The internal resistance of the battery increases slowly due to the influence of the carbon coating on the surface of lithium iron phosphate and the interaction between lithium iron phosphate and lithium iron phosphate. When it is used for a long time (more than 23h), the internal resistance of the battery increases significantly due to the reaction of lithium iron phosphate with water and the bonding effect of the adhesive. Therefore, the turnover time of pole plate should be strictly controlled in actual production.

Liquid injection

The ionic conductivity of the electrolyte determines the internal resistance and rate characteristics of the battery. The conductivity of the electrolyte is inversely proportional to the viscosity of the solvent, and is also affected by the concentration of lithium salt and the anion size. In addition to the research on the optimization of conductivity, the amount of liquid injection and the infiltration time after injection also directly affect the internal resistance of the battery. A small amount of liquid injection or insufficient infiltration time will cause the internal resistance of the battery to be larger, thus affecting the capacity of the battery.

Prospect

Internal resistance is an important parameter to measure the power performance of lithium ions and evaluate the battery life.
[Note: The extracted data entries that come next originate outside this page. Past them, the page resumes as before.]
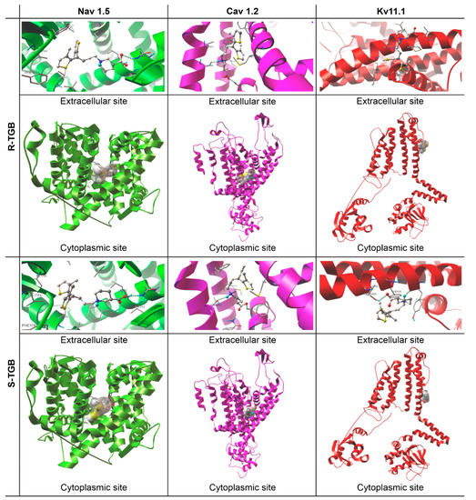 As it can be seen from the data collected in Table 2, TGB complexes between hNav1.5, hCav1.2 and hKv11.1 have a calculated pKi ≤ 4, which is commonly used as a threshold and this drug can thus be considered as an inactive ligand for those proteins. These data refer to both R/S enantiomers of TGB (Figure 3). Docking TGB into the hNav1.5 channel showed the highest pKi value in Table 2, however, the value is still below the activity threshold level of pKi > 4. The lowest pKi was observed for hKv11.1. We can treat these data as a partial explanation of the reported adverse TGB interactions in the cardiovascular system. It also seems that a small percentage of the observed cardiac disorders can be attributed to the fact that TGB does not interact with hKv11.1, for which inhibition is responsible for QTc prolongation. In all analyzed cases, R-TGB shows slightly higher binding affinities than S-TGB. This observation is in line with many previous pharmacological studies indicating the greater biological activity of R enantiomers compared to the S ones [10,11,12]. It is also worth emphasizing that all h-bonds formed between hCav1.2 channels and R/S-TGB possess very favorable key interaction energy values (EHB ≈ −7.32 for hCav1.2-R-TGB and −5.54 kcal/mol for hCav1.2-S-TGB, Table 2) and geometrically nonlinear systems.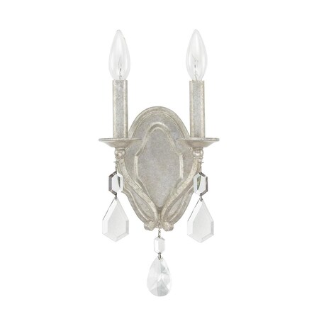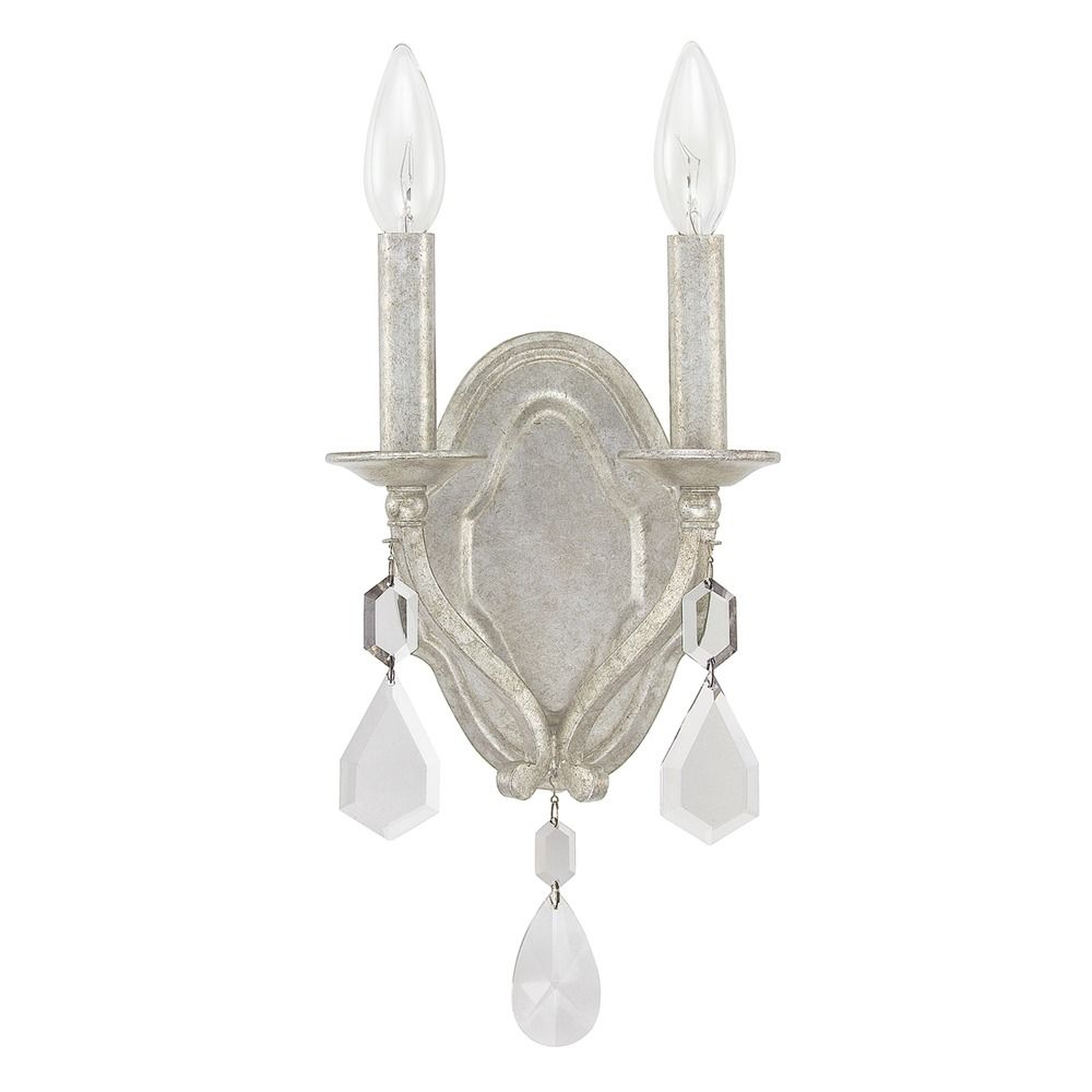 Capital Lighting 1617AS-CR Blakely K9 Crystal Wall Sconce, 2-Light 120 Total Watts, 13" H x 7" W, Antique Silver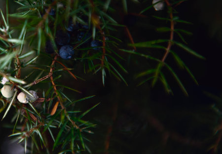 juniper branch with juniper berries on a black background. dark photo. Branches And Needles Of Juniper In Close-up. Dark Green Coniferous Background For The Design. copyspace.
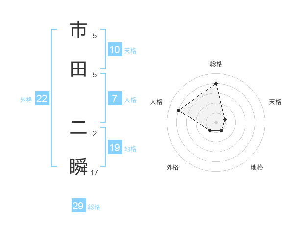 市田 二瞬さんを姓名の画数から五運を鑑定
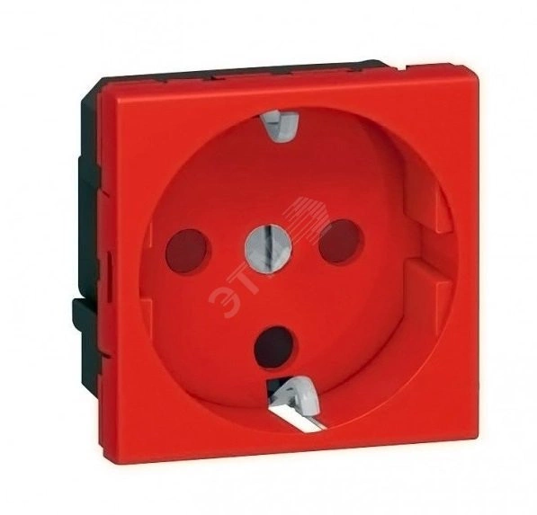 Полное описание: Mosaic Розетка с заземлением с блокировкой красная на 2 модуля

The greater the internal resistance, the worse the multiplier performance of the battery, and the faster the increase in storage and recycling. The internal resistance is related to the structure of the battery, the characteristics of the battery material and the manufacturing process, and changes with the change of the ambient temperature and state of charge. Therefore, the development of batteries with low internal resistance is the key to improve the power performance of batteries. At the same time, it is of great practical significance to master the variation law of battery internal resistance for the prediction of battery life.